When we started Algolia, we wanted to build an offline search SDK for mobile applications. Unlike other search engines on the market, we couldn’t rely on pre-existing search engine software such as Lucene because they weren’t available on mobile.

We had to build everything from the ground up within the limitations imposed by smartphones such as low memory and low processing power. Ultimately, we spent a considerable amount of time reinventing the search engine from scratch.

When we eventually decided to pivot to a SaaS solution, we had built a completely new ranking algorithm. And in a typical “constraints foster creativity” situation, we had made two huge improvements: Speed and Relevance.

Algolia is known for its blazing-fast speed. It’s usually the first thing people notice when they start using it and also what makes it so exhilarating to use. But what I consider to be the most impressive and important achievement of Algolia is not actually speed but Relevance.

Algolia reinvented how search engines define relevance.

Before diving into the specifics behind Algolia’s ranking formula, let’s briefly go over how other search engines work.

A little history of search engines

In the late 90s, the Text Retrieval Conference organized a series of annual workshops financed in part by the US Department of Defense. The goal of these workshops was to determine the best ranking algorithm for searching a dataset consisting of long unstructured documents. The conference resulted in several enhancements to search engine ranking algorithms, the most defining being improvements to TF-IDF, what was then the main component of the most powerful ranking formulas.

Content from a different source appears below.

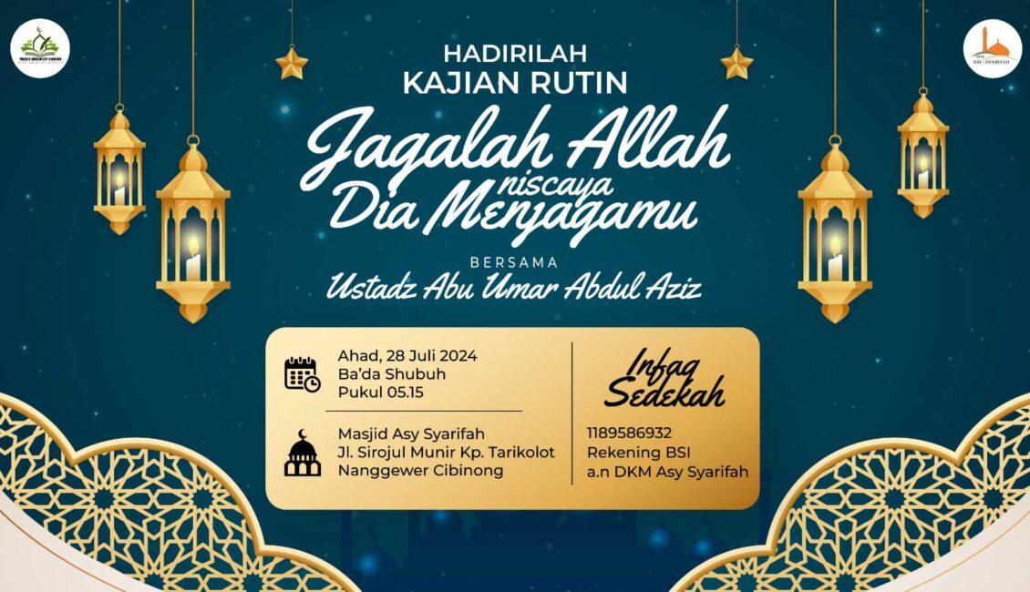 Sabda Rasulullah Shallallahu ‘alaihi wa sallam: Jagalah Allah. Maksudnya jagalah batas-batas Allah, hak-hak-Nya, serta menjaga perintah-perintah dan larangan-larangan-Nya dengan mengerjakan kewajiban dan meninggalkan hal-hal yang diharamkan. Demikian pula, dengan mempelajari agama-Nya sehingga dengannya engkau dapat beribadah kepada Allah Azza wa Jalla dan bermuamalah dengan manusia serta mendakwahkannya di jalan Allah.
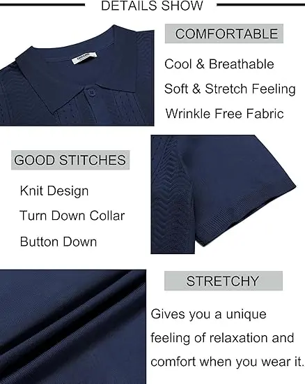 ·Fabric Finesse: Our mens knit shirts are crafted from a comfortable and skin-friendly fabric that feels as good as it looks. Its lightweight, breathable, elastic composition and good stitching makes you stay cool and comfortable, making it a nice choice for casual and lazy vacation days

TF-IDF is a statistical weighting scheme based on two elements: TF or Term Frequency (the number of occurrences of a word in a document, which is calculated on a per document basis) and IDF or Inverse Document Frequency (the importance of a query word within the whole corpus of documents).

Basically, if a query word is repeated multiple times within a document, that document will rank higher in the results than a document that only contains the query word once. IDF comes into play to reduce the importance of words that occur a lot in the corpus such as “the”, “of”, “a”, etc. The more times a query word recurs within the whole corpus, the lower a document containing that query word will be ranked. The length of the document is also taken into account; a short document with query word matches will rank higher than a long document with the same match.

TF-IDF (along with similar algorithms like BM25) became a central tool to score/rank documents given a user query, and it was used to search any type of data. Unfortunately, it was not actually designed for that! TD-IDF was built as an answer to TREC’s workshops and was designed specifically to work within long unstructured documents such as PDFs or enterprise documents.

The issue with this kind of statistical approach is that it surprisingly only makes sense for a very small number of use-cases, like enterprise document search, where:

  • You don’t really know what type of data you’re searching into
  • The content is drastically different from one document to another
  • The documents don’t have any popularity metrics, and you need to rank them solely based on their “textual relevance”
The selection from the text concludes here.